The advisor is unaware of options. Many investors aren’t aware of their full range of options, Kearney said, adding that their advisors often aren’t either.
“If a client is never offered any new ideas or strategies, such as lowering their taxes, reducing their mortgage payment or being offered a long-term care alternative, that means the current advisor is probably stale, and they’re not interested in offering you proactive type service,” Kearney said.
There’s a lack of consistency, especially on communication. “Wealthier clients with multiple financial pieces in motion notice when advisor contact is inconsistent,” Kearney said. “There are a lot of people, even with multi-million dollar accounts, who think, ‘Maybe my account is just not big enough for my advisor to pay attention to me.”
Yet that’s usually not true, he said.

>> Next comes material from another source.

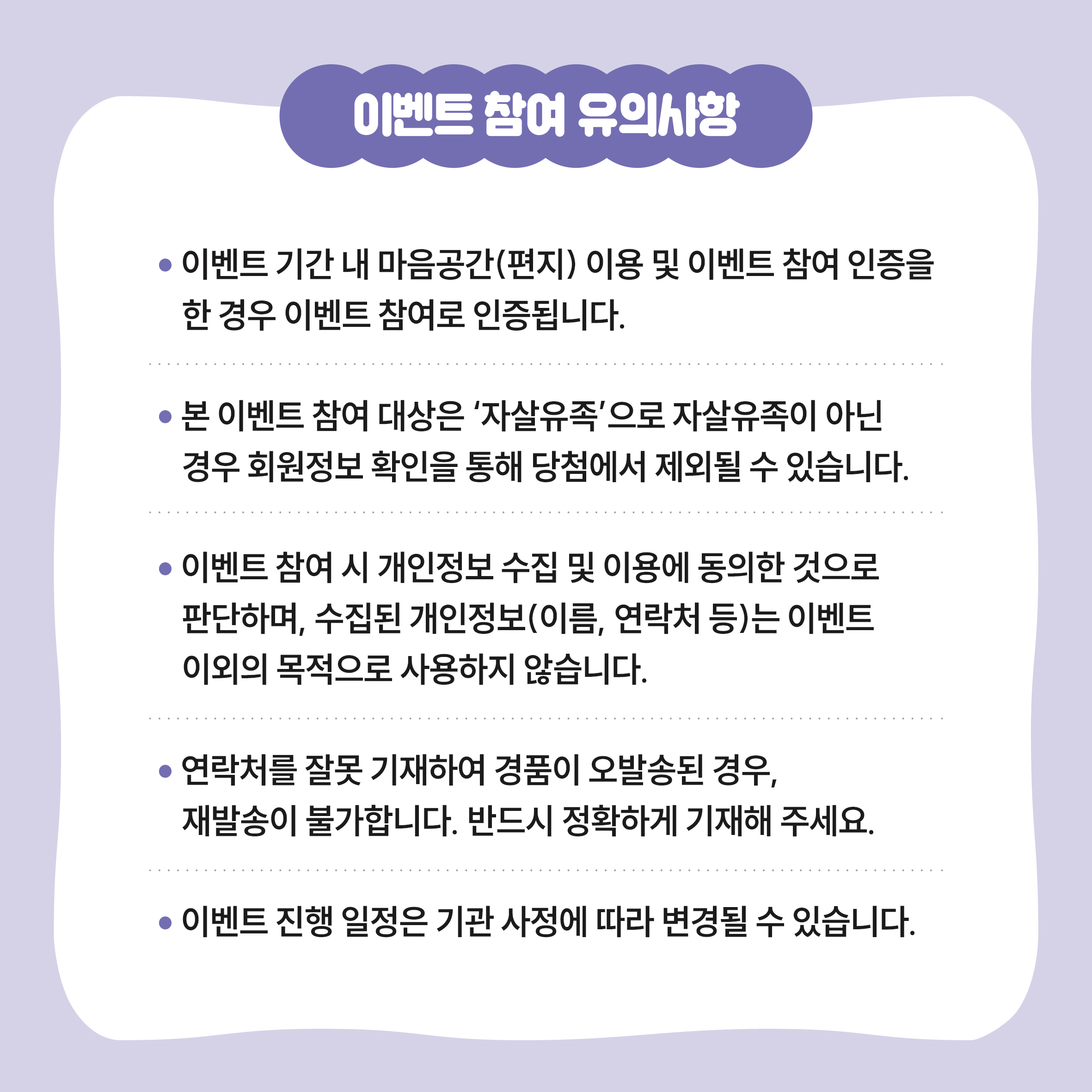 - 본 이벤트 참여 대상은 ‘자살유족’으로 자살유족이아닌 경우 회원정보 확인을 통해 당첨에서 제외될 수 있습니다.

It’s often just a matter of the advisor not having the right systems in place.
“It’s important to for an advisor to have a team with a point-of-contact person whom the investor can reach any time,” Kearney said.
There’s little capacity to grow with their clients. If an advisor hasn’t had any real experience with wealthier individuals, then they tend to hold back clients who started small and grew their wealth substantially, said Marc Labadie, Partner at CR Myers & Associates in Southfield, Mich.
“This is a relative concept that can occur on all levels of wealth,” he said. “We all have ‘sweet spots,’ or ideal clients. They tend to be within a similar wealth range.”
If an advisor’s typical client has a net worth of $1 million to $2.5 million, “they may not be well equipped to work with a client whose net worth surpasses that range substantially,” Labadie said.
The advisor has not achieved similar financial success. The idea of high-level executives, CEOs, and business owners taking financial advice from financial reps is “odd,” Labadie said.
“Most wealthy people I know and work with want to deal with people who have achieved a similar level of success in their own business,” he said. “People they can relate to and know are dealing with the same planning concepts and dollar amounts that they understand.”
The advisor focuses too much on jargon. If the advisor has limited or no credentials, he or she may well concentrate the majority of client planning sessions discussing the market or particular positions in the portfolio, said Lou Cannataro, a wealth management advisor with the Northwestern Mutual Wealth Management Company in New York City.
“Quite often, the advisor will use an avalanche of industry jargon, market predictions and what they think is going to occur in the markets,” Cannataro said. “But that’s just a façade for an advisor whose planning acumen is paper thin.”
This advisor’s value approach when securing a new client may have been sold as “market sophistication.”
“Yet once the client eventually understands that asset allocation and consistence are responsible for 90 percent of the returns, they begin to question their advisors about the real value of the relationship,” he explained.
See It Forward
For clients on the fast path to upward financial mobility, the key is to ask the right questions before signing on. For advisors, the key is answering those questions knowledgably, and with a forward-looking vision.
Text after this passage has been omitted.